Directions for this task >> Could you write out, exactly, every line from the top of the data through the line holding "Summary: This paper"? Omit the pictures.

===== Dataset excerpt

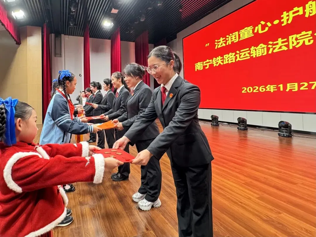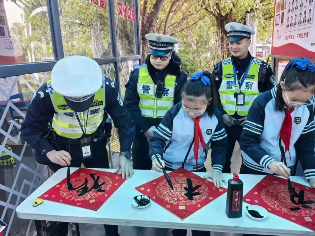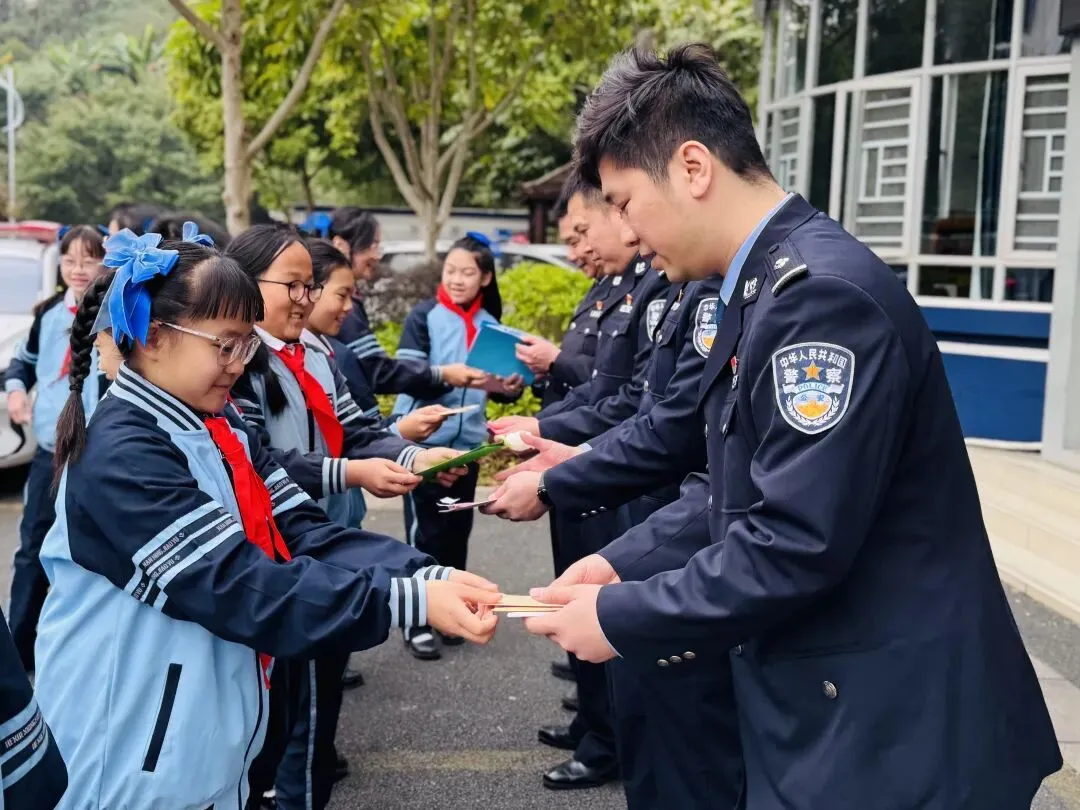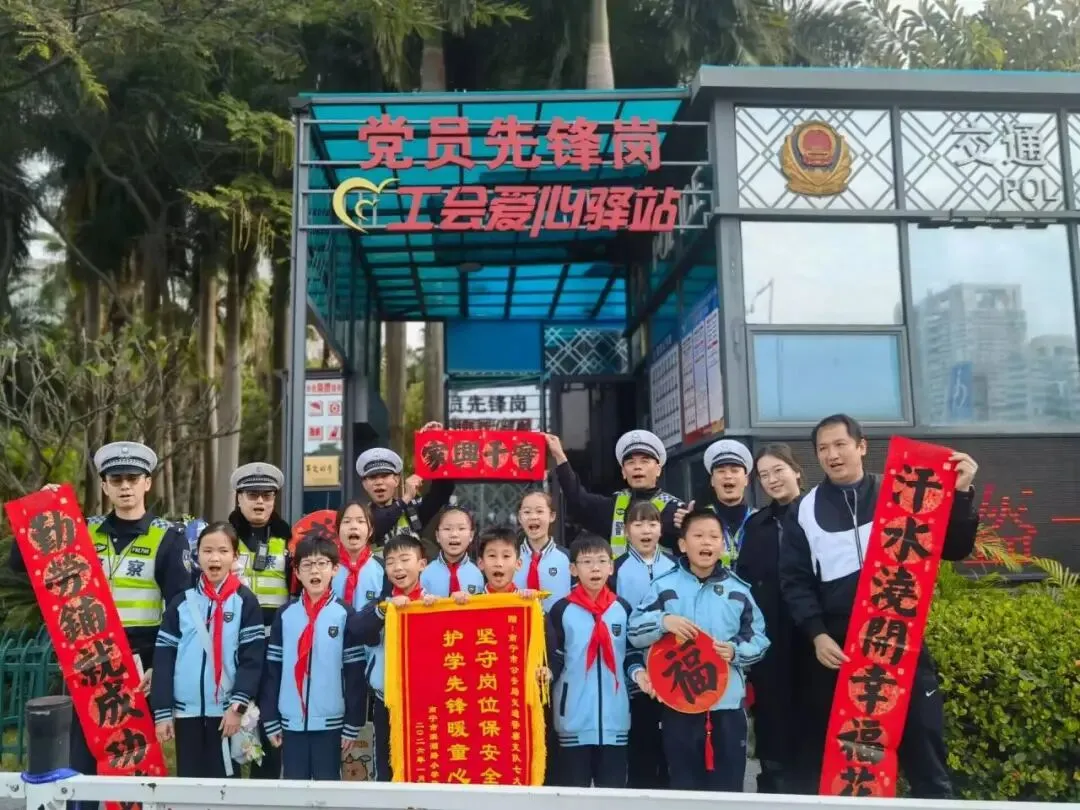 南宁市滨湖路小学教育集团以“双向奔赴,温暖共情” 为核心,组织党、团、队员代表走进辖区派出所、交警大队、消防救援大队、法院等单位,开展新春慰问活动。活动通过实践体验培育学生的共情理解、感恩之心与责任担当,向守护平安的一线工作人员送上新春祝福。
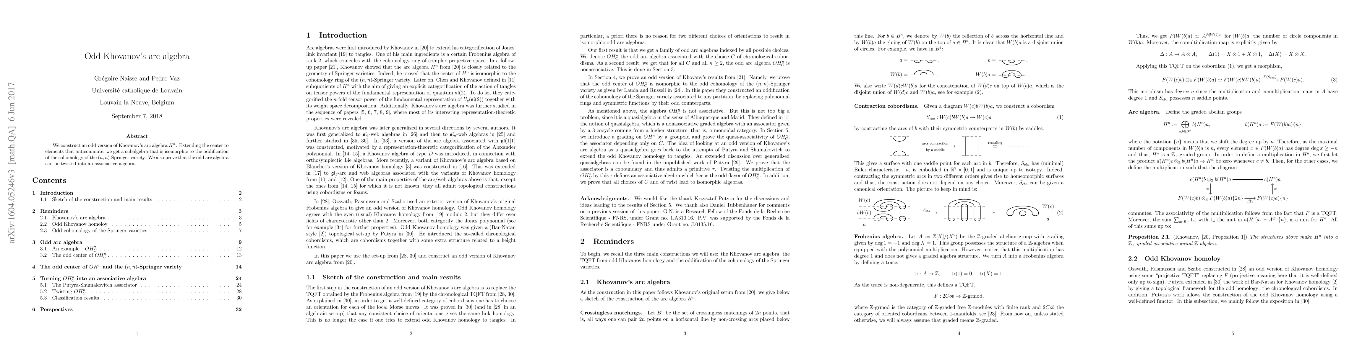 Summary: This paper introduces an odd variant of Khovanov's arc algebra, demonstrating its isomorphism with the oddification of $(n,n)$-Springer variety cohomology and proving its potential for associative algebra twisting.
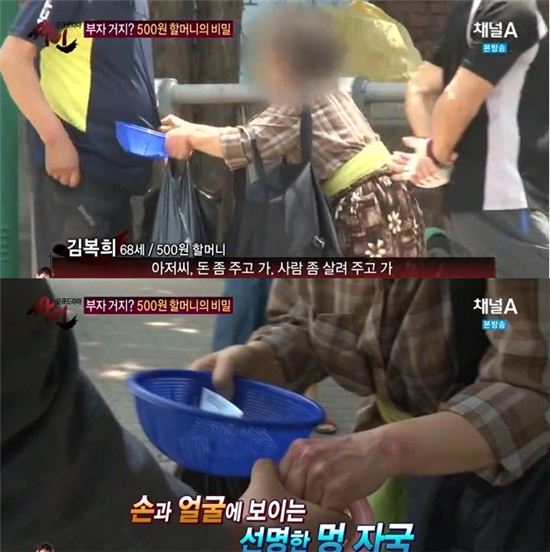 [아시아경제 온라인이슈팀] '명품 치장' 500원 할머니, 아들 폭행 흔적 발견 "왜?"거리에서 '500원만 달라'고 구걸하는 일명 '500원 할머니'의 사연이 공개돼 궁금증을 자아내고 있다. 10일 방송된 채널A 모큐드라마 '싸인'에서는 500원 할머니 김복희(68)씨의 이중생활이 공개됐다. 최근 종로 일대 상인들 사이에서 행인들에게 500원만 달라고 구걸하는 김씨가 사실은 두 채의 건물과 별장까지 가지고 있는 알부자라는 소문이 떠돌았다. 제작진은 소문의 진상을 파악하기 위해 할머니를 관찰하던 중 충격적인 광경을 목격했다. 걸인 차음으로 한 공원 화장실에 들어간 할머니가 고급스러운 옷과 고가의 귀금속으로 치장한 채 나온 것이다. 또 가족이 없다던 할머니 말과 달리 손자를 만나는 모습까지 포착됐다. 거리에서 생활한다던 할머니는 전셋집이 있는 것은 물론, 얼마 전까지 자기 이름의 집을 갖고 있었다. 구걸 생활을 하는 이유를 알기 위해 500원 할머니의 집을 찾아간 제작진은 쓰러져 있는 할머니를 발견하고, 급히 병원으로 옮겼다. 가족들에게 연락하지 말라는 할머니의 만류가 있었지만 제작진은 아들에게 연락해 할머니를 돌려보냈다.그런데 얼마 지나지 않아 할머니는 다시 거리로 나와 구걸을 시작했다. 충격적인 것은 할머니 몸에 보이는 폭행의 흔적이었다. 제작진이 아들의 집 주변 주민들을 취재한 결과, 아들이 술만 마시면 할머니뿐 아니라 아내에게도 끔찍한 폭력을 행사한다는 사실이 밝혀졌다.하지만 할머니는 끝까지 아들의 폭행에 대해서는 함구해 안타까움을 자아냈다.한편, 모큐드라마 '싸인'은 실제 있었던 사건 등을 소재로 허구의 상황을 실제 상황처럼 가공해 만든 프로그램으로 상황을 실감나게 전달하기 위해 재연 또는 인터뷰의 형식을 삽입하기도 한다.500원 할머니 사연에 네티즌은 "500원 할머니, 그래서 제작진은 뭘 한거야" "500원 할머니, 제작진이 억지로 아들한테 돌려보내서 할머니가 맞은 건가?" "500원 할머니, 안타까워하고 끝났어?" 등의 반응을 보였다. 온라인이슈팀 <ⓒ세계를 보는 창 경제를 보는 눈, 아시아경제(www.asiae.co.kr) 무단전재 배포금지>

==========

Result of the task >>
 南宁市滨湖路小学教育集团以“双向奔赴,温暖共情” 为核心,组织党、团、队员代表走进辖区派出所、交警大队、消防救援大队、法院等单位,开展新春慰问活动。活动通过实践体验培育学生的共情理解、感恩之心与责任担当,向守护平安的一线工作人员送上新春祝福。
 Summary: This paper introduces an odd variant of Khovanov's arc algebra, demonstrating its isomorphism with the oddification of $(n,n)$-Springer variety cohomology and proving its potential for associative algebra twisting.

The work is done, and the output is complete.